Which effect stress has on you depends on how YOU handle it. How you handle stress depends on being able to recognize it, knowing where it’s coming from, and understanding your stress-management options so you can choose the best one for your situation. Sure, I make this sound easy, it’s not and it takes years to ‘master’, but it’s to never to late to start.

  • Get regular exercise.  Frequent exercise is probably one of the best physical stress-reduction techniques available.  Exercise not only improves your overall health, it also helps you to sleep.  Another benefit of exercise is that it can cause the release of chemicals called endorphins.  These give you a feeling of well-being and happiness.
  • Practice deep breathing.  It is a key element for calming yourself or someone else down.  Take a few deep breaths and hold for a few seconds before letting them out slowly and gently.  Do these four or five times and you will be calmer.

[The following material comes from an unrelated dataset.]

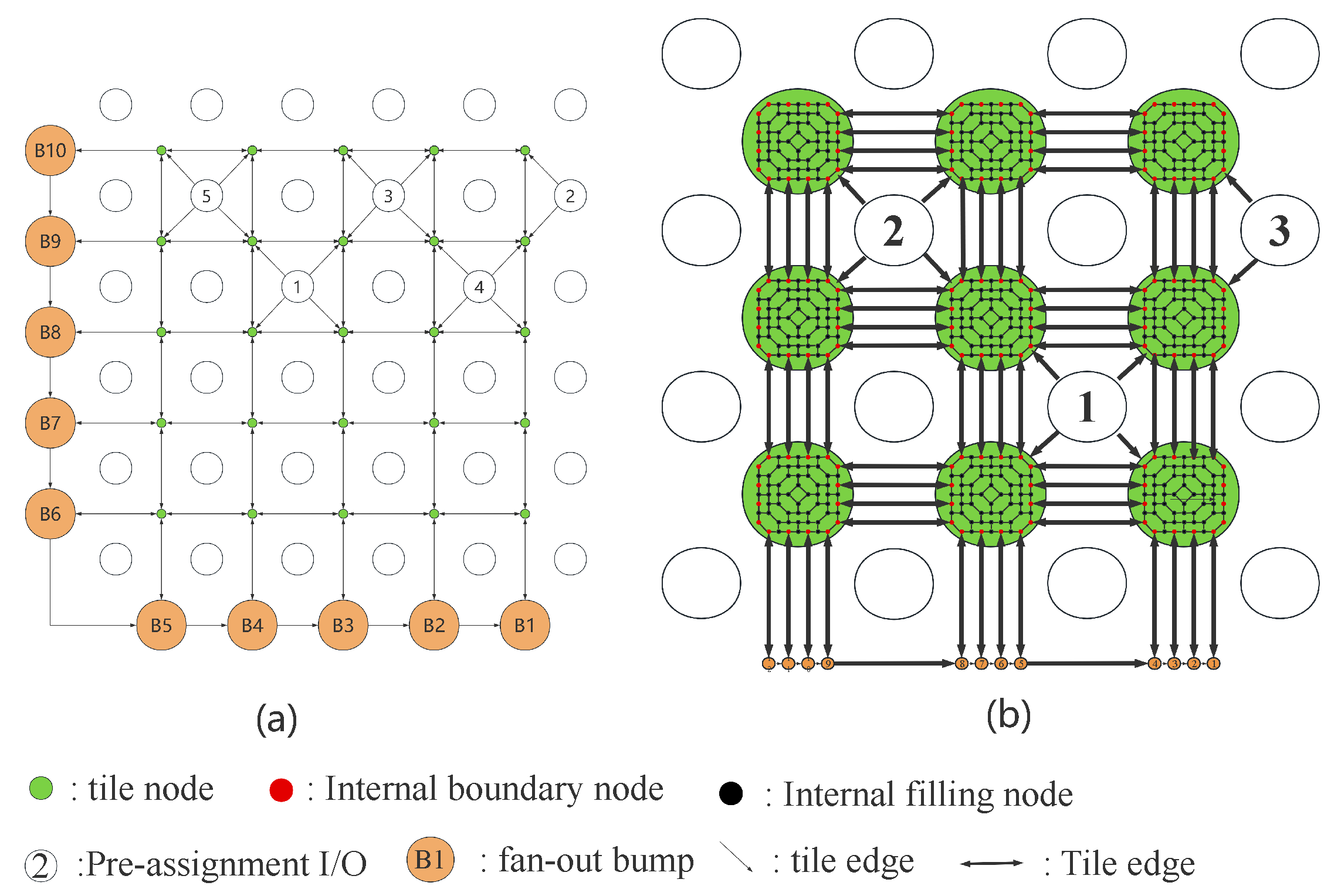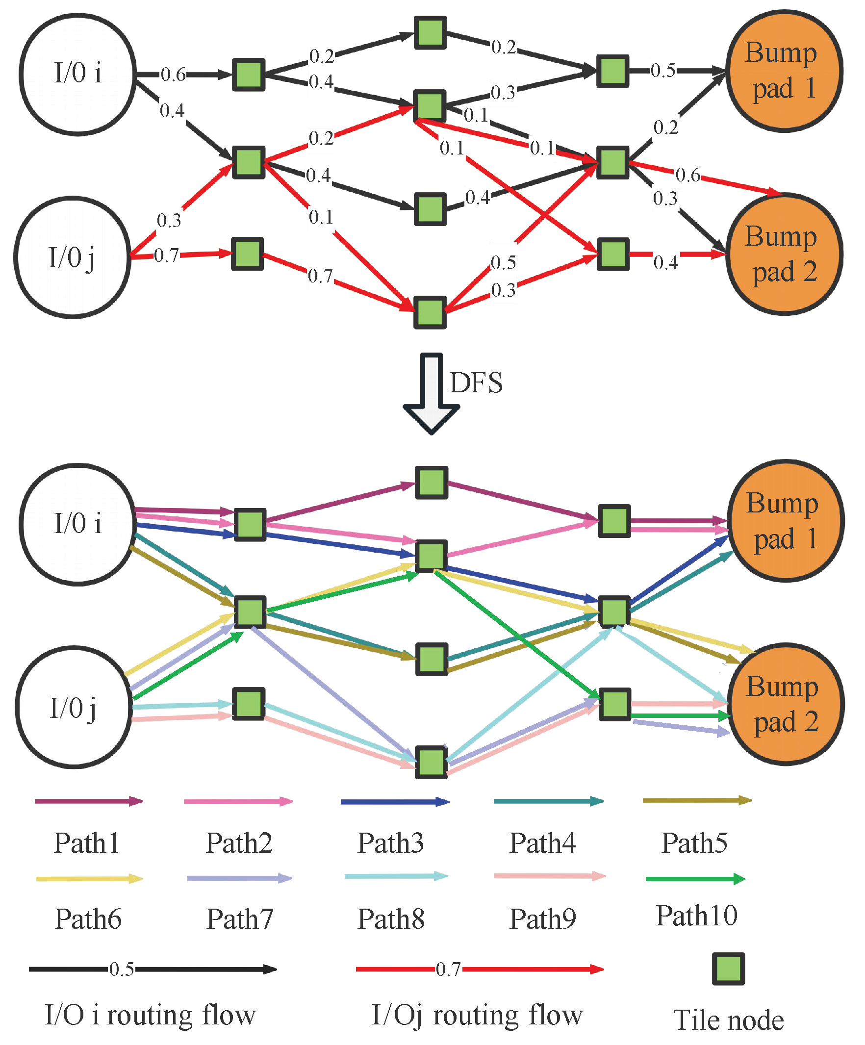 | Flow of I/O k in edge | PA routing | pre-assignment routing | |

  • Try meditation.  Many people find that regular meditation helps them to relax and handle stress.  Meditation does not have to have spiritual or religious connotations.  The idea of meditation is to focus your thoughts on one relaxing thing for a sustained period of time.  For example, you can meditate on a word such as “peace” or “relax”.  Or perhaps you may prefer to meditate on a pleasant scene, or event.  Meditation helps to clear away toxins that may have built up through stress or mental or physical activity.  Try practicing it every day and you will soon find that your approach to everything in your life is one which is calming and relaxed and therefore brings more peace to you.
  • Eat a diet generous in whole foods making at least 50 percent of them raw foods.  Fresh fruits and vegetables are loaded with vitamins and minerals plus phytonutrients to help fight free radicals.  Try eating a minimum of 5-7 servings per day of vegetables and notice how much calmer you will feel.
  • Stay away from all processed and artificial foods which only put more stress on the body.  Avoid alcohol, sugar, caffeine, tobacco, and mood-altering drugs.  These substances may offer some temporary relief from stress, but they do nothing to handle the problem and are harmful in the long run.
  • Get plenty of rest and sleep each night.  Nothing compares to feeling refreshed after a good night’s sleep.  Eating in a balanced way, exercising, and getting sufficient rest is the best antidote to stress.  The less sleep you get, the more stress will affect you, which only weakens your immune system increasing the likelihood of becoming ill.  Try to be in bed early and make sure you do not go to bed with a full stomach.  Overnight is when your system does most of its repair and regenerative work.  We do not want it having to put all the energy into doing lots of digesting of food but instead to focus on restoring health and wellbeing in all the other important areas.

There are many other ways you can deal with stress.  This list provides you with some of the main ways you can achieve some quick and positive results.  A few other suggestions include avoiding drama and hassles; taking time off; pursuing a hobby; creating a stress-free home or work environment; investigating aromatherapy; and learning to laugh more.